* Extracted information
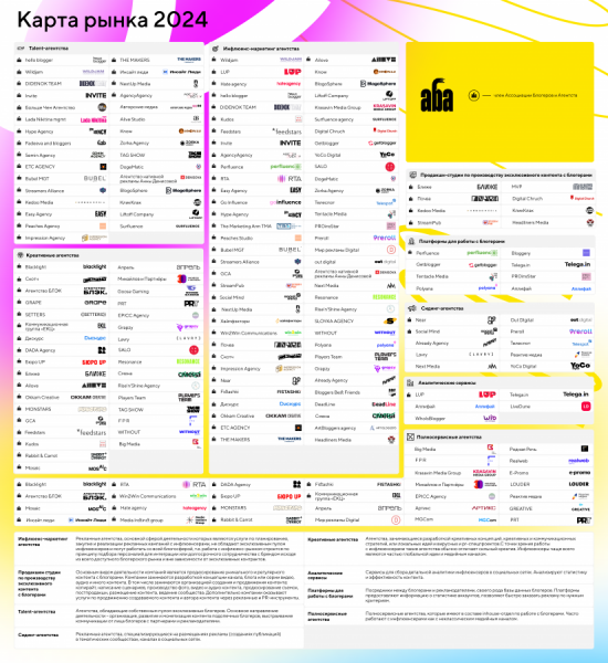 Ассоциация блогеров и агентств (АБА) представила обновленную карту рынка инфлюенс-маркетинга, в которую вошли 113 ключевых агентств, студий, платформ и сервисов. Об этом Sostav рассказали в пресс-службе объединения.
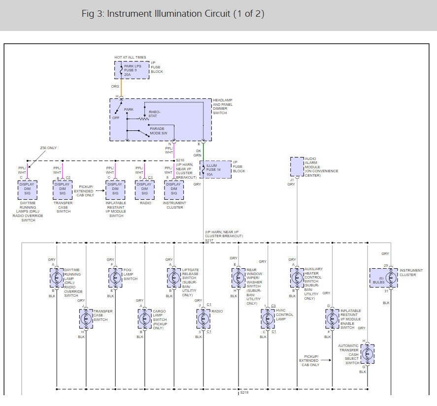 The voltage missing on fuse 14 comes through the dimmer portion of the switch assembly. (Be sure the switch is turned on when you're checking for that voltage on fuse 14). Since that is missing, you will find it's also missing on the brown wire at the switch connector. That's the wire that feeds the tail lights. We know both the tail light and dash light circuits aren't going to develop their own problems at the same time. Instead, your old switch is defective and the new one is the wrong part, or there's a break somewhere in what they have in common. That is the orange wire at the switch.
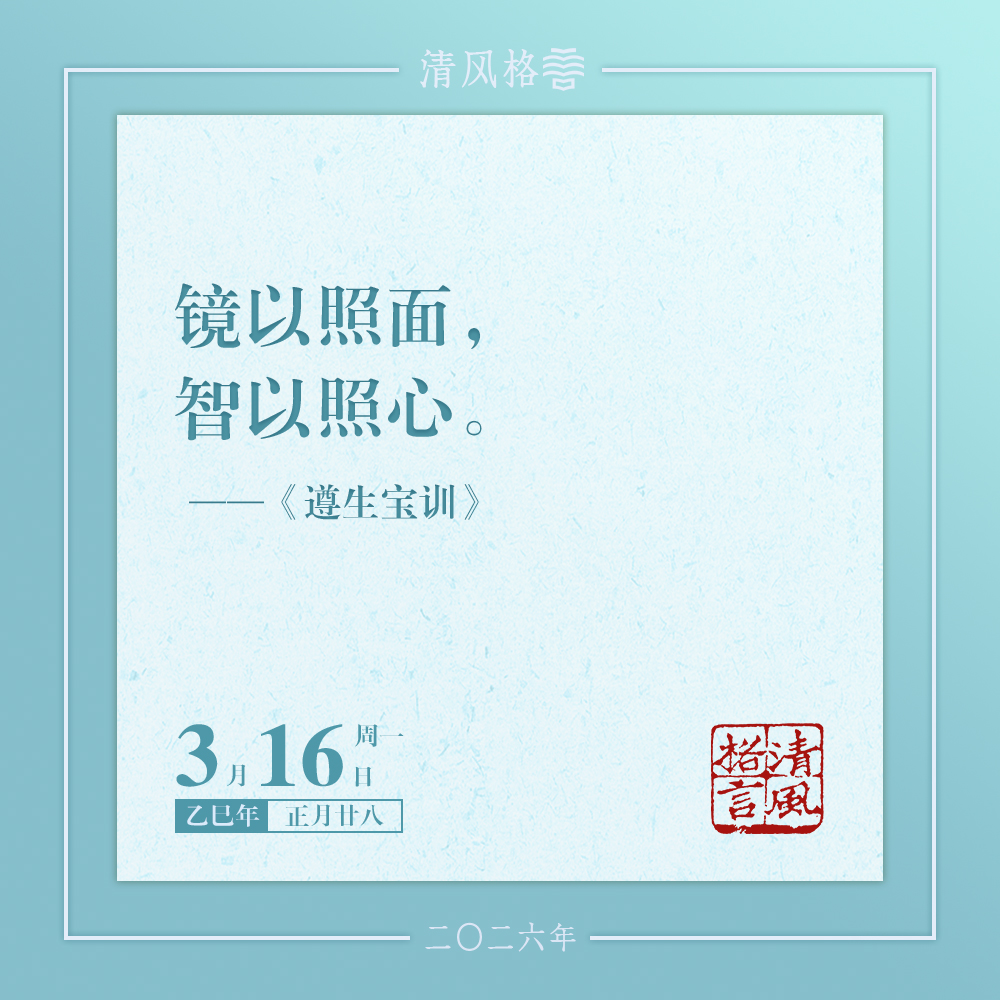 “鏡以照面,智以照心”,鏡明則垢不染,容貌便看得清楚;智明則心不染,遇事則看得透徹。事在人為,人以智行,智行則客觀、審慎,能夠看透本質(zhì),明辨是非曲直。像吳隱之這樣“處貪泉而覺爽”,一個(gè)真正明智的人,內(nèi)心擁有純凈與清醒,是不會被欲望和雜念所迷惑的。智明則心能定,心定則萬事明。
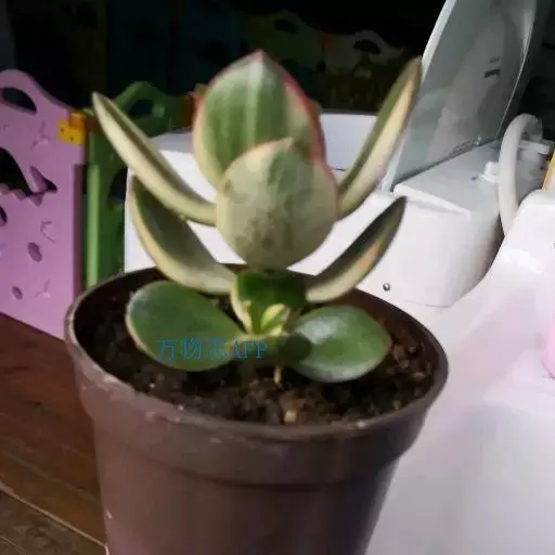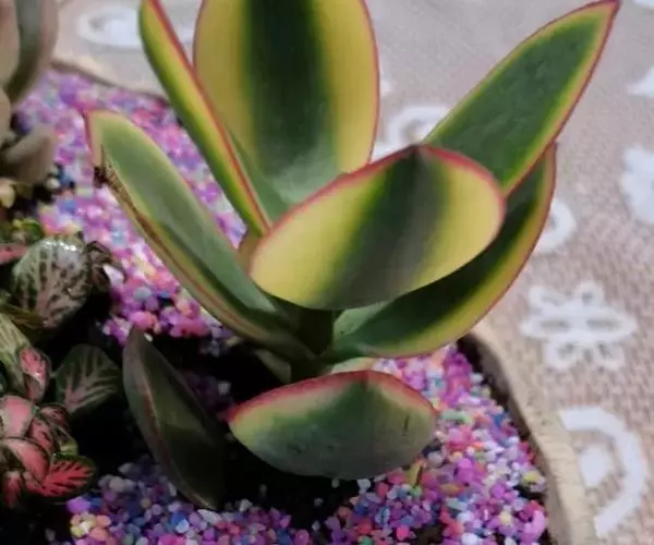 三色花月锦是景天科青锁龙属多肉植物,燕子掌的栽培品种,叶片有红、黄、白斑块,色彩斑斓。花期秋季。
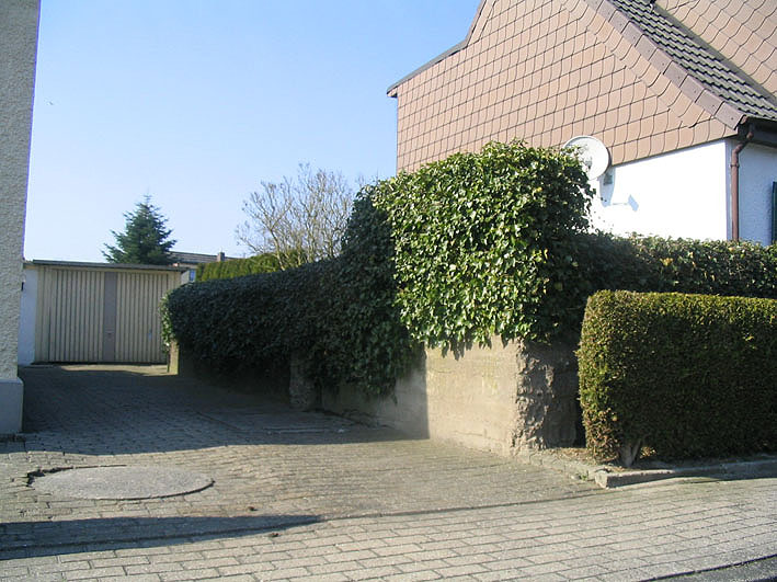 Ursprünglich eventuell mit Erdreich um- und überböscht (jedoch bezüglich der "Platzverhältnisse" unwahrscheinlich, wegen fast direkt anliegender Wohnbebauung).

* Instructions for the task
Would you set down each line of the listing above exactly, apart from the pictures?

* Task response
 Ассоциация блогеров и агентств (АБА) представила обновленную карту рынка инфлюенс-маркетинга, в которую вошли 113 ключевых агентств, студий, платформ и сервисов. Об этом Sostav рассказали в пресс-службе объединения.
 The voltage missing on fuse 14 comes through the dimmer portion of the switch assembly. (Be sure the switch is turned on when you're checking for that voltage on fuse 14). Since that is missing, you will find it's also missing on the brown wire at the switch connector. That's the wire that feeds the tail lights. We know both the tail light and dash light circuits aren't going to develop their own problems at the same time. Instead, your old switch is defective and the new one is the wrong part, or there's a break somewhere in what they have in common. That is the orange wire at the switch.
 “鏡以照面,智以照心”,鏡明則垢不染,容貌便看得清楚;智明則心不染,遇事則看得透徹。事在人為,人以智行,智行則客觀、審慎,能夠看透本質(zhì),明辨是非曲直。像吳隱之這樣“處貪泉而覺爽”,一個(gè)真正明智的人,內(nèi)心擁有純凈與清醒,是不會被欲望和雜念所迷惑的。智明則心能定,心定則萬事明。
 三色花月锦是景天科青锁龙属多肉植物,燕子掌的栽培品种,叶片有红、黄、白斑块,色彩斑斓。花期秋季。
 Ursprünglich eventuell mit Erdreich um- und überböscht (jedoch bezüglich der "Platzverhältnisse" unwahrscheinlich, wegen fast direkt anliegender Wohnbebauung).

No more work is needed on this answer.